Garrison Keillor Is Personally Offended That Philip Roth Hasn’t Won The Nobel Prize

The terms of Keillor’s departure from radio are murky Image by Tim Mosenfelder/Getty Images
If you have won the Nobel Prize in Literature since 2009, when Garrison Keillor’s top pick John Updike passed away and thus became ineligible for the award, and you are not named Philip Roth, you may expect to be called “a writer of migraines.”
That’s the first of many insults lobbed by the former host of “A Prairie Home Companion” at this year’s laureate, Kazuo Ishiguro, over his fatal flaw of not being Philip Roth. Writing in The Washington Post, Keillor went on to declare that not one person would want to have dinner with any of the three authors to which the Nobel Committee compared Ishiguro: Jane Austen, Kafka and Proust.

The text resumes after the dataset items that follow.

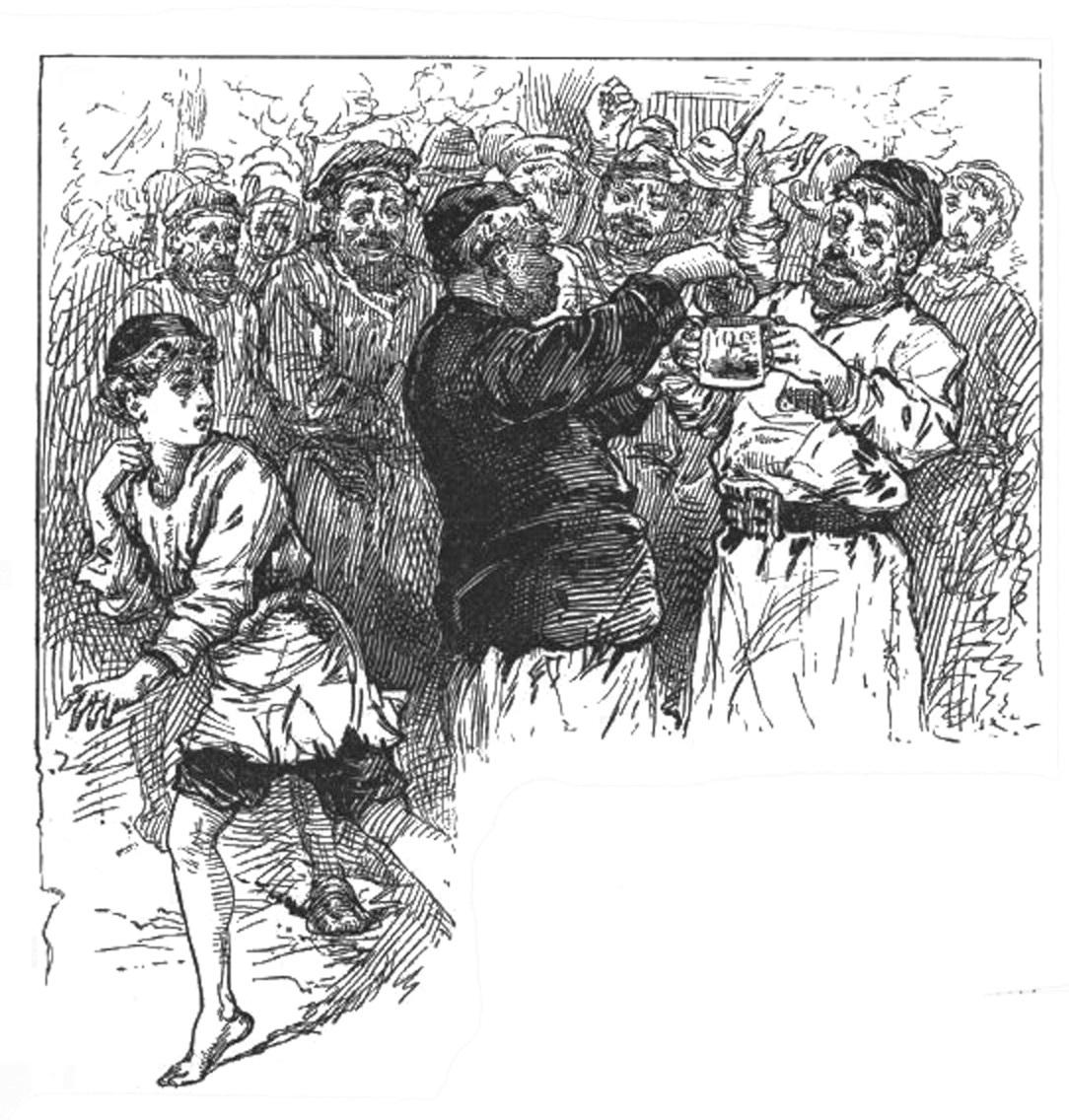 喝得酩酊大醉的群众们,看到市政厅的门口出现了一个“小疯子”,满口胡言乱语,都不禁笑得前俯后仰。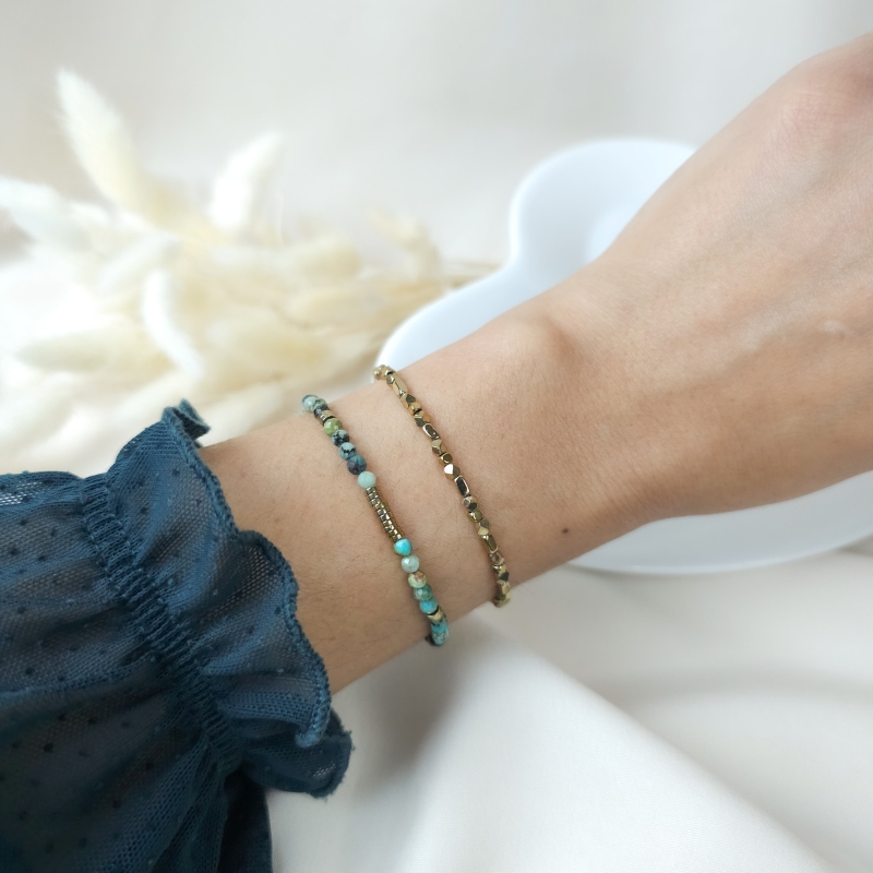 Pierres naturelles : turquoise africaine, hématites dorées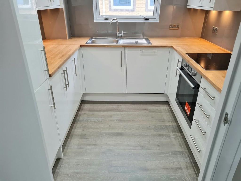 Kitchen: Fully fitted modern white high gloss units with chrome handles, integrated appliances including oven, hob ang grill, extractor hood, dishwasher and fridge/freezer. Brushed chrome sockets, under unit LED lighting, spotlights and solid oak worktops provide the finishing touches.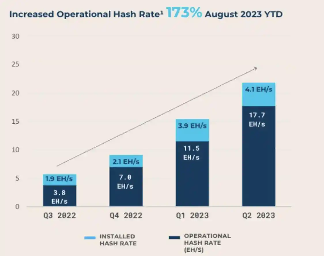 运营/启动的哈希率(EH/s)1:Q2–23 17.7 EH/s,Q2–22 0.7 EH/s,增长 2429%,Q2–23 17.7 EH/s,Q1–23 11.5 EH/s,增长 54%。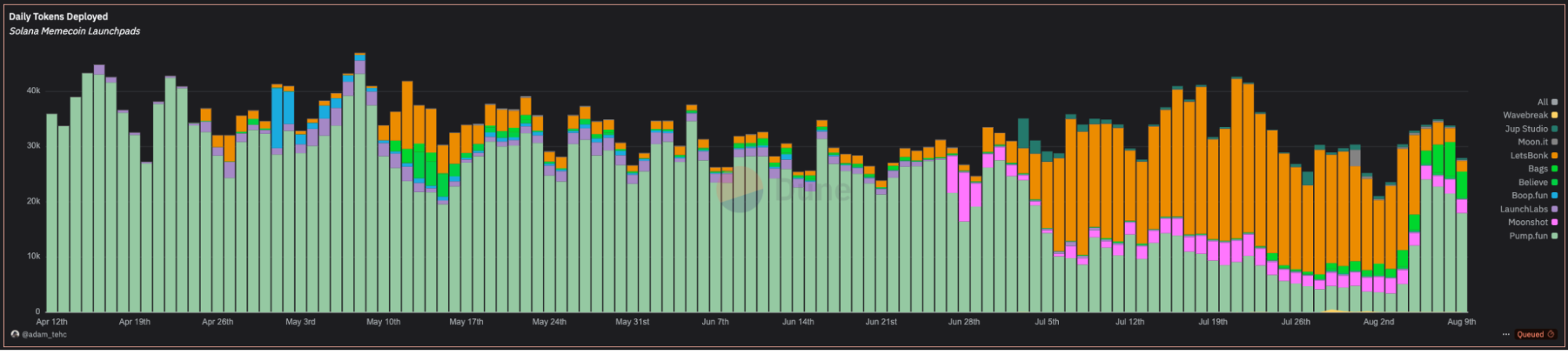 On-chain, the meme launchpad wars are still raging. Pump.fun clawed its way back on Solana, but LetsBonk is still ahead in trading volume. Meanwhile, Base is quietly stealing the spotlight, overtaking Solana in new token launches. And with ETH dominance in bot wars rising, the stage is set for some spicy rotations when alts wake up.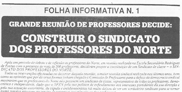 "Todas as intervenções efectuadas no decorrer daquela reunião, a maior reunião sindical realizada nos últimos anos, bem como as opiniões que por diversas formas tinham chegado à Comissão de Professores para a defesa da democracia sindical mostraram que os professores do Norte não possuem um sindicato de classe, representativo de todos os professores, democrático e independente, dado que o SPZN, pela sua política de enfeudamento aos interesses partidários da sua direcção e pela sua actuação autoritária, de cúpula e antidemocrática, há muito deixou de ser um verdadeiro sindicato" (in Folha Informativa n.º 1, sobre a reunião de Professores de 15 de Outubro de 1982, que havia decidido criar o SPN)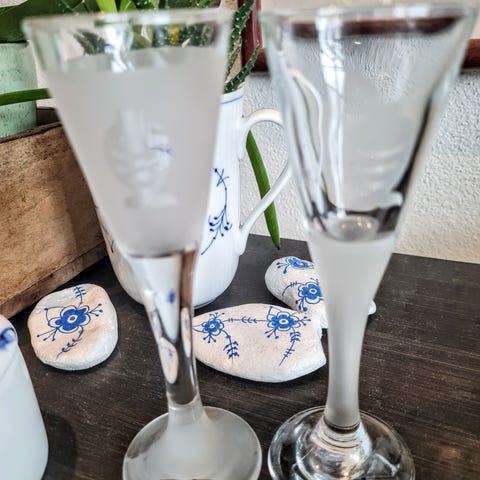 2 snapseglas, med indgraveret motiv, fra Pernille Bülow glas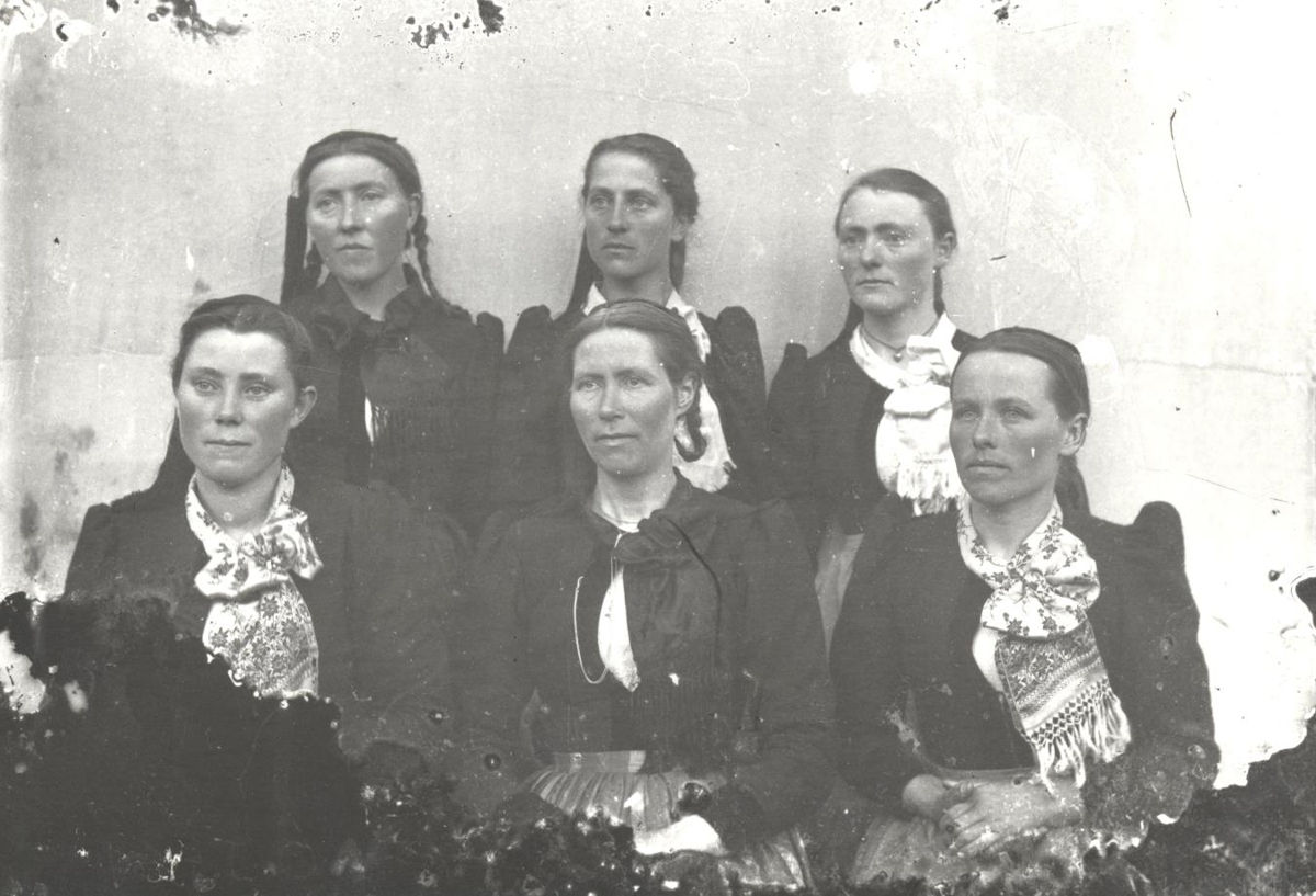 Hópur kvenna í Vík í Mýrdal. Neðri röð: Áslaug Skæringsdóttir í Hjörleifshöfða, Ragnhildur Gunnlaugsdóttir, Norður-Vík og Kristín Bjarnadóttir, Norður-Vík. Standandi: óþekkt, óþekkt og Bergþóra Sveinsdóttir frá Skammadal.
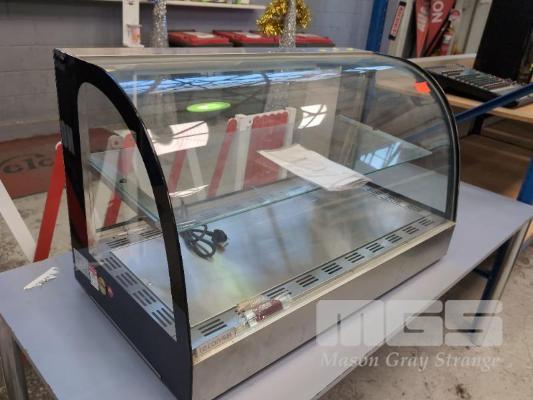 COMMERCIAL COUNTER TOP HEATED DISPLAY. CURVED GLASS. 930 X 500 X 550 MM (W D H). 240V. ** NO DOORS **
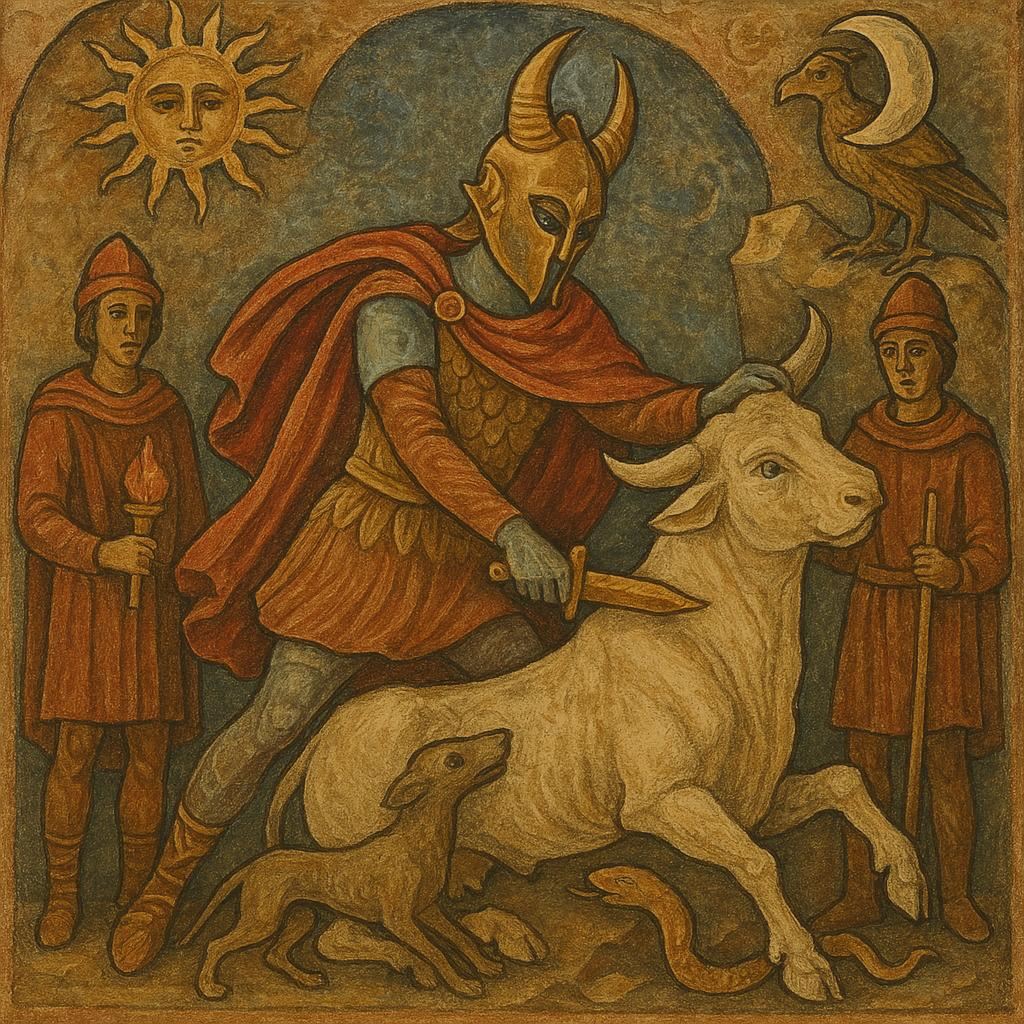Наиболее глубокое и трагическое сходство заключено в мифе о жертве. Согласно данмерскому вероучению, Неревар был предан своим соратником Даготом Уром и убит в битве на Красной Горе. Его смерть стала искупительной жертвой и одновременно моментом рождения нового религиозного порядка — Трибунала[4]. Этот сюжет о предательстве, убийстве и последующем обожествлении героя находит прямую аналогию в митраизме. В римских мистериях центральным сакральным образом было так называемое «тавроктония» — жертвенное заклание быка Митрой. Этот акт, совершенный не по своей воле, но по велению высшего бога Солнца, имел космогоническое значение: из тела быка возникла вся вселенная, а его кровь дала жизнь всему сущему[5]. Неревар, подобно митраистскому быку, становится божеством через насильственную смерть, которая, однако, ложится в основу нового мира (для Морровинда — эпохи Трибунала).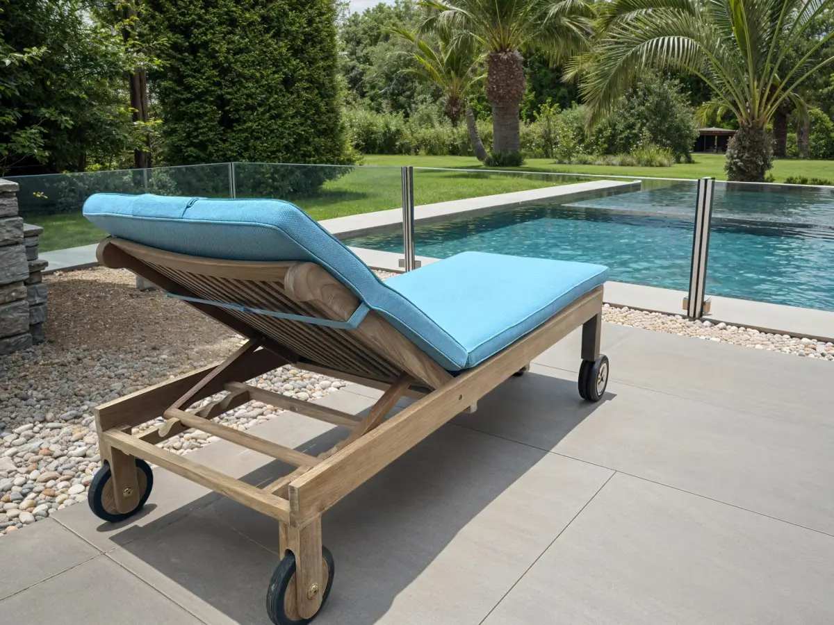 The perfect Sun Lounger Set to lie down and relax by the pool. The SunLounger is made with Teak wood and has a fully adjustable back and leg rests, and with its built-in drinks tray, you can make sure a refreshing drink is nearby, and with its built-in rear wheels.
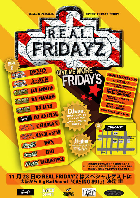 毎週金曜日に開催中の【REAL-FRIDAYZ】第3週目!! DENON BIRTHDAY BASHを開催です! 宮崎CLUBシーンの第一人者として常に牽引してきたDENON THE REMIXMASTERをメインアクトに向かえ、BIRTHDAY BASHを兼ねて盛大に開催決定! DJ MAMAO、A-JUN、YSKのオリジナルメンバーに加えPACE SETTAもお祝いに駆けつけ、オーディエンスを巻き込むVIBES独自のスタイルでエンターテインメントな夜を演出する。 イケイケなだけのメインストリームとも辛気臭いヘッズ受けとも違い、確かなドープネスと艶のあるパーティー・ヴァイブスを併せ持ったアーティス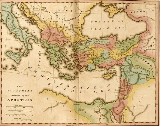 Countries travelled by the Apostles White Modern Wood Framed Art Print with Double Matting by Vintage Maps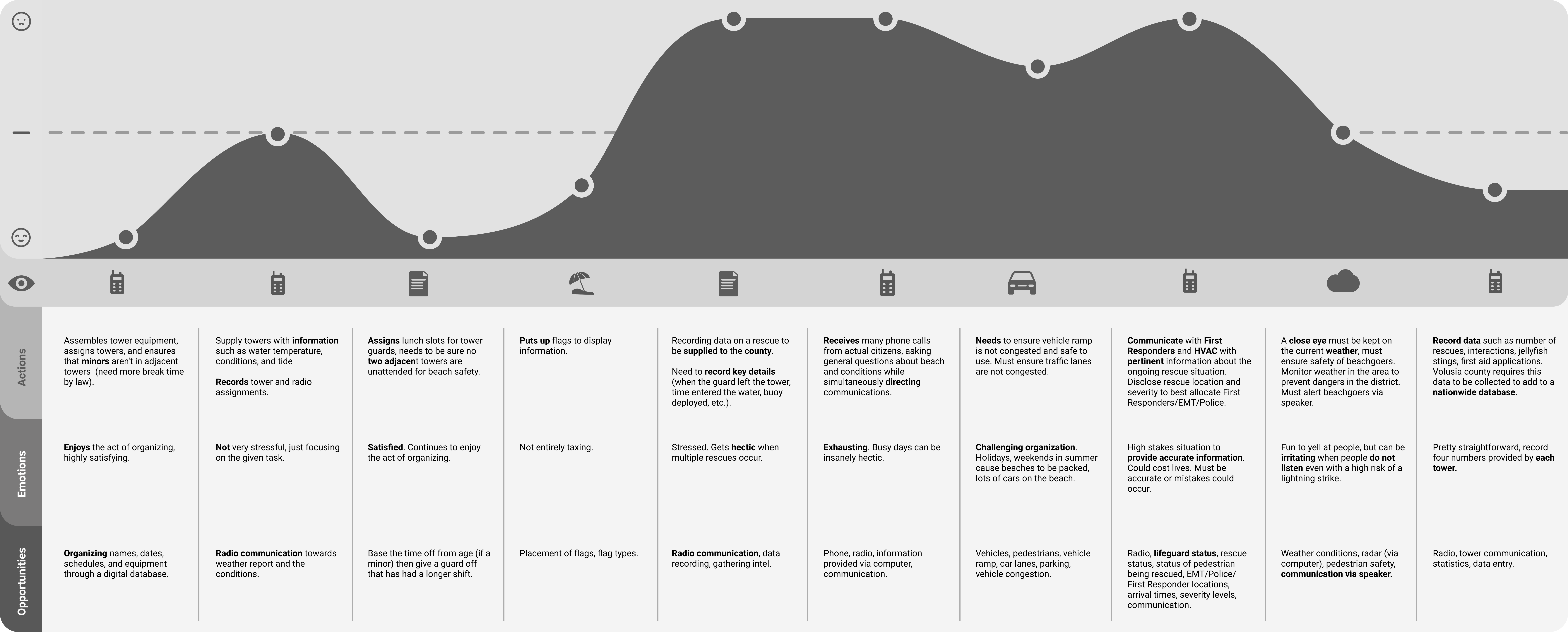 Below are journey maps of each job charting the current task, emotions, and opportunities of what they're doing.

Other invectives included the remark that “what the Nobel judges recognize is bleak, cramped, emotionally stunted, enigmatic, pretentious,” a description of Ishiguro’s critically-lauded work as “dull and deadly,” and a claim that the Swedish Academy, which bestows the Nobel Prizes, is “leading young writers to aspire to vacuity.”
Of course, before the regrettable passing of Updike — that author, for the record, appears to still rank higher than Roth in Keillor’s estimation; in a 2014 memoir, he imagined giving Updike a posthumous Nobel — Keillor was just as starkly ill-enthused by the Swedish Academy’s choices. Doris Lessing took home the prize in 2007; he deemed her writing to be “like Greenland without the melting.”
His complaint towards both Ishiguro and Lessing was essentially the same: Their prose lacks panache, and worse, humor. “Why can’t you ever give the Nobel Prize to a writer with a sense of humor and style? Why?” he begged, while bemoaning the choice of Lessing on “A Prairie Home Companion.” “All the Swedes with a sense of humor came to America,” he mourned, writing on Ishiguro.
Never fear, Keillor is uninterested in confining himself to kvetching; he has an idea about how to change things for the better.
“Let the Jews give the Nobel Prize,” he wrote. (This particular Jew thought Ishiguro was a perfectly acceptable choice for the Award.)
“They know from literature,” he went on. “Compare a list of great Jewish writers and a list of great Swedish writers. I rest my case.”